Diferença entre infusão e decocção: a parte da planta

A norma brasileira não separa infusão de decocção pelo sabor nem pela força do chá: separa pela rigidez do tecido vegetal. Folha, flor, inflorescência e fruto recebem água fervente por cima e ficam abafados. Casca, raiz, rizoma, caule, semente e folha coriácea vão para a ebulição, porque o composto de interesse não sai de outro jeito. O critério está escrito, e as exceções também.

O critério, na letra da norma

A RDC nº 1.004/2025 define os dois métodos e, em cada definição, diz para que serve — o que quase nenhum texto sobre chá reproduz:

Decocção: “preparação […] que consiste na ebulição do fitoterápico em água potável por tempo determinado, sendo o método indicado para partes de plantas medicinais com consistência rígida, como cascas, raízes, rizomas, caules, sementes e folhas coriáceas ou que contenham substâncias de interesse com baixa solubilidade em água e que não sejam voláteis”.

Infusão: “preparação […] que consiste em verter água potável fervente sobre o fitoterápico e, em seguida, tampar ou abafar o recipiente […] sendo o método indicado para partes de plantas medicinais de consistência menos rígida, como folhas, flores, inflorescências e frutos, ou com substâncias ativas voláteis ou, ainda, com boa solubilidade em água”.

São dois critérios sobrepostos, e é útil separá-los. O primeiro é mecânico: parede celular dura não libera conteúdo com um choque térmico de superfície. O segundo é químico: substância volátil some com fervura prolongada — o próprio Formulário registra, no quadro de incompatibilidades, que com óleos essenciais “ocorre volatilização dos princípios ativos na presença de calor”. É por isso que a infusão manda abafar: a tampa devolve ao líquido o que subiria com o vapor.

A mesma planta, dois métodos, na mesma monografia

O quebra-pedra (Phyllanthus niruri, FT060) é o exemplo mais limpo. A monografia tem três fórmulas de preparação extemporânea e o método muda com a parte usada:

FórmulaMaterialMétodo
1Parte aéreainfusão
2Planta inteiradecocção
3Planta inteira, frescadecocção

“Planta inteira” inclui a raiz. Assim que a raiz entra, o método vira decocção — dentro do mesmo documento, para a mesma espécie, com a mesma finalidade. As gramaturas e o limite de uso estão em chá de quebra-pedra.
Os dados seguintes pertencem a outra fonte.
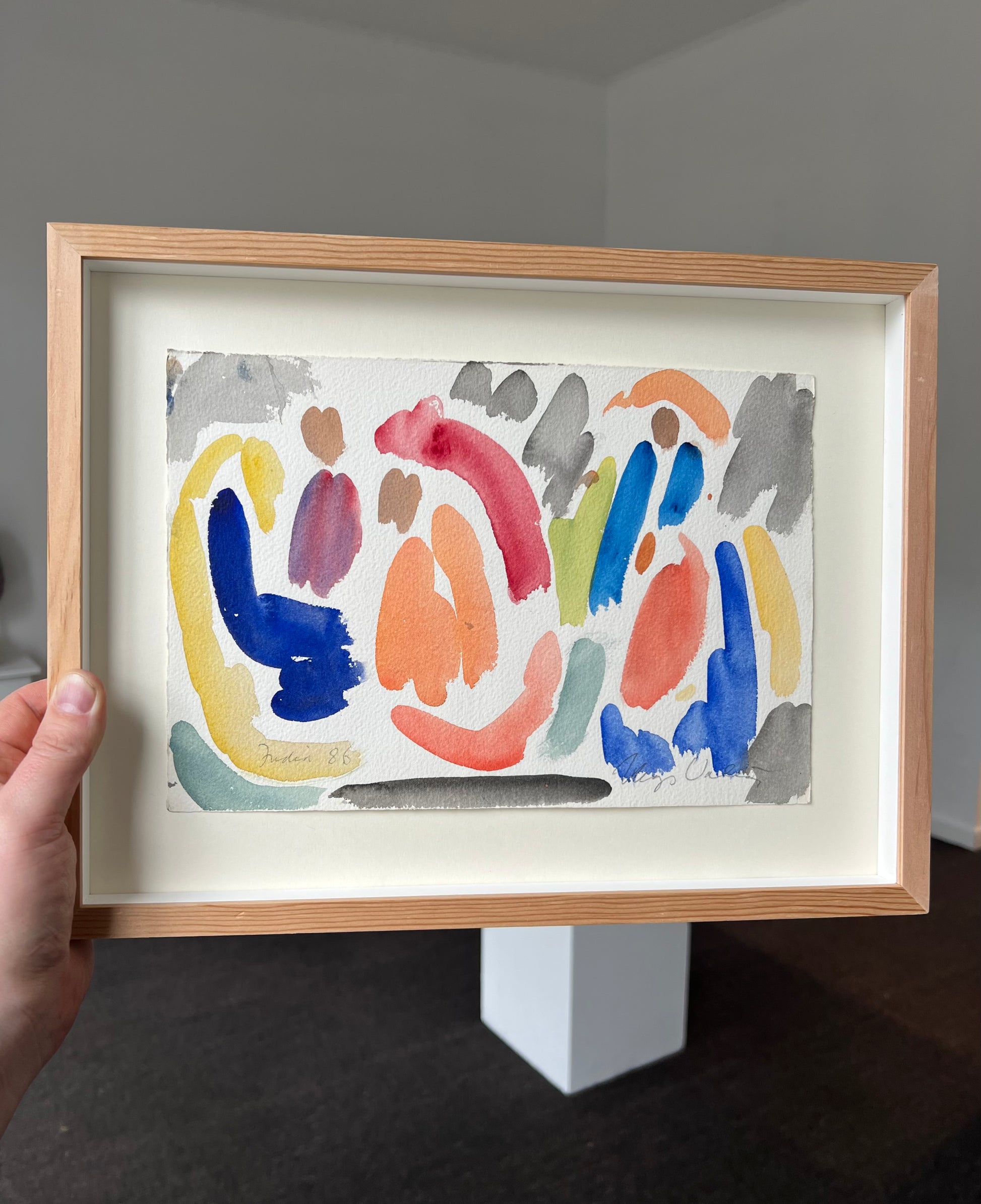 Mogens Valeur (1927-2000). Composition, watercolour on paper, signed and dated Mogens Valeur, India, 1986. 19 x 28 (28 x 37) cm. New Douglas pine frame, museumglass.

A mesma lógica aparece nas monografias de casca: o mulungu usa casca do caule por decocção, e a aroeira-do-sertão prepara a entrecasca por decocção antes de virar outra forma farmacêutica. Nenhuma das duas admite infusão.

As exceções que o próprio Formulário escreve

Aqui está o ponto que separa esta página de um resumo de regra. O Formulário de Fitoterápicos, que publica o critério acima no seu glossário, o contraria em pelo menos duas monografias — e o faz por escrito, não por descuido de redação:

  • Bardana (Arctium lappa, FT012): a fórmula 1 usa raiz, de 2 a 6 g, e a orientação é literal — “preparar por infusão, utilizando raízes secas e rasuradas”.
  • Alcaçuz (Glycyrrhiza glabra e espécies afins, FT035): as fórmulas 1 e 2 usam raiz e a orientação admite as duas saídas — “preparar por decocção ou infusão”.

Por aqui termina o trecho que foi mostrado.